Chi avrebbe mai pensato che molti anni dopo avremmo coinciso in un progetto letterario del nostro comune amico Xavier Piera CollUn avvocato catalano, residente a El Puerto de Santa María, che ha incluso alcuni testi di Julio nel suo libro Testa o crocecome una sorta di colonna sonora. Fu allora che il fascino divenne totale. Julio Rivera Cross, alcuni dei cui lavori sono condivisi con il fratello PedroMi ha mostrato i suoi versi come non li avevo mai visti prima. C'era sensibilità e profondità in egual misura, ma anche un profondo senso dell'umorismo. flamenco e i suoi fili grazie all'esperienza diretta.
«Julio Rivera non ha mai cercato fama o premi. Ha usato tutti i soldi guadagnati dalla SGAE (Società Spagnola degli Autori e degli Editori) per vivere sulla spiaggia di Fuentebravía, con vista sulle onde che lambiscono le rive di El Puerto de Santa María. Lì, lontano dalla folla, ha continuato a scrivere bellissime poesie, che ha pubblicato sui social media come regalo per i suoi follower.»

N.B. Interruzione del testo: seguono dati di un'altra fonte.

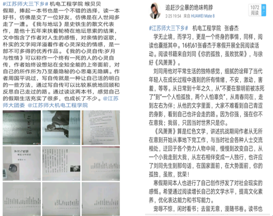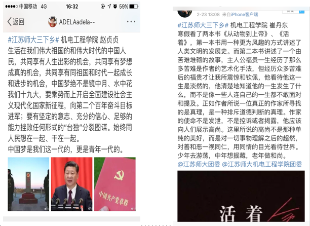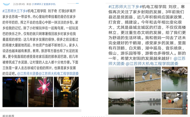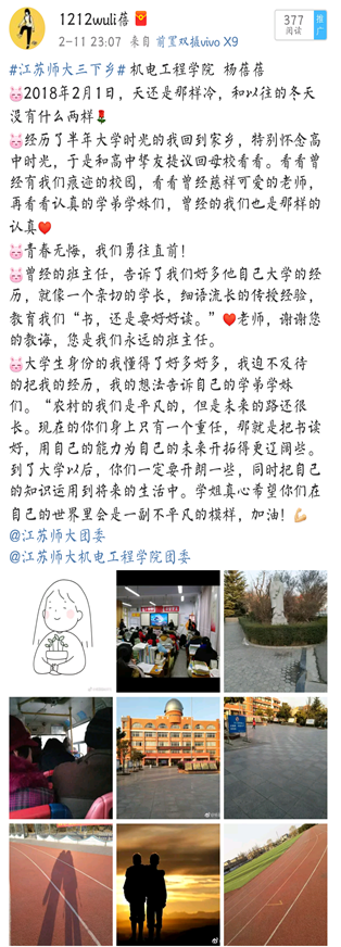 2018年寒假,我院团委按照校团委《关于开展2018年寒假社会实践活动的通知》文件要求,组织各班级学生积极响应团组织号召,根据“新时代 新使命 新思想 新征程”活动主题,围绕社会调查、志愿服务、全民阅读、专业实践、弘扬传统文化、师大学子母校行等主题开展了一系列的实践活动,在实践中受教育、长才干、做贡献,取得了丰硕的实践成果。同时,鼓励学生积极参加校团委开展的“微话实践博展青春”寒假社会实践微博征集评选活动,记录实践风采,分享实践心得,传递青春正能量。经过各班级初评、学院终评,授予赵贞贞等19位同学撰写的微博“优秀博文”荣誉称号。表彰名单如下:

Questo, mi ha detto, accadde in un periodo in cui la vita era molto bohémien e le albe erano rare e rare, alla fine degli anni '70. È così che è successo tutto. Luis de la PicaAd esempio, ha ricamato le sue lettere e altri artisti del quartiere di Santiago come Fernando de la Morena, Diego Carrasco o quello La banda di Niño JeroOltre al già citato cece, Il cane di Paterna o Ana PeñaPoi mi ha parlato di collaborazioni interessanti, molte delle quali joint venture, con cantanti di flamenco del calibro di Il Lebrijano con L'anello, Chibulí o Lole e Manuel, per chi ha firmato il taglio Gli zingari cavalcano e anche in Immagine segnaposto Alba MolinaPoi, una collaborazione fraterna lo cantò Michele Poveda con il titolo di Spilli coloratiche lo rese più noto al grande pubblico.

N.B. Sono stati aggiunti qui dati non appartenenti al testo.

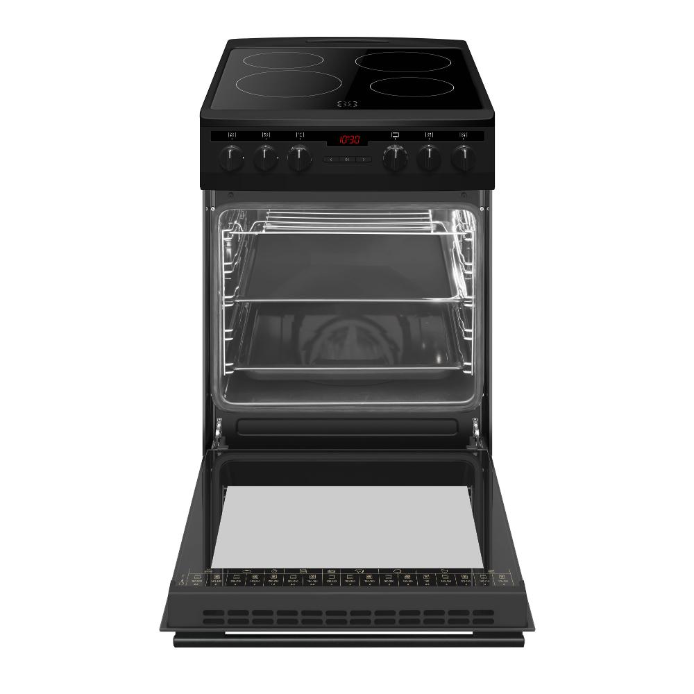Sklokeramický sporák 50 cm, Energetická trieda: A, Objem 65 l, Príkon 9,6 kW, Digitálny displej / Typ programátora Ta, Elektrická multifunkčná rúra, 11 funkcií rúry vr. grilu a horúceho vzduchu Rozmery:, Super rýchly ohrev, Ukazovatele zvyškového tepla, Gril 1500 W, Horné výhrevné teleso 900 W, Spodné výhrevné teleso 1100 W, Zadné kruhové výhrevné teleso 2100 W, Bočné závesné lišty plechov, Ľahko čistiteľný smalt vo vnútri rúry, Počet skiel dverí rúry 3, Soft Close – tlmené dovieranie dvierok, Výsuvný odkladací priestor, Sklokeramická varná doska 4 zóny, HiLight zóna 14,5 cm 1,2 kW 2x, HiLight duálna zóna 18 cm 1,8 kW 2x, Hlboký plech na pečenie, Plytký plech na pečenie, Rošt, Rozmery, Výška: 85 cm, Šírka: 50 cm, Hĺbka: 60 cm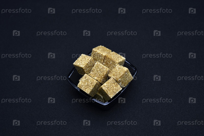 Кусочки тростникового сахара в миске. Рафинированный сахар. Сахар кусками в чашке

Ma Julio Rivera non ha mai cercato fama o premi. Ha usato tutti i soldi guadagnati dalla SGAE per vivere sulla spiaggia di Fuentebravía, di fronte alle onde che lambiscono El Puerto de Santa María.
Lì, lontano dalla folla impazzita, continuò a scrivere bellissime poesie, che condivideva sui social media come regalo per i suoi follower. Oggi, il mondo poetico di Julio Rivera Cros si è fuso per sempre con l'eterno mare dei suoi sogni. Riposa in pace.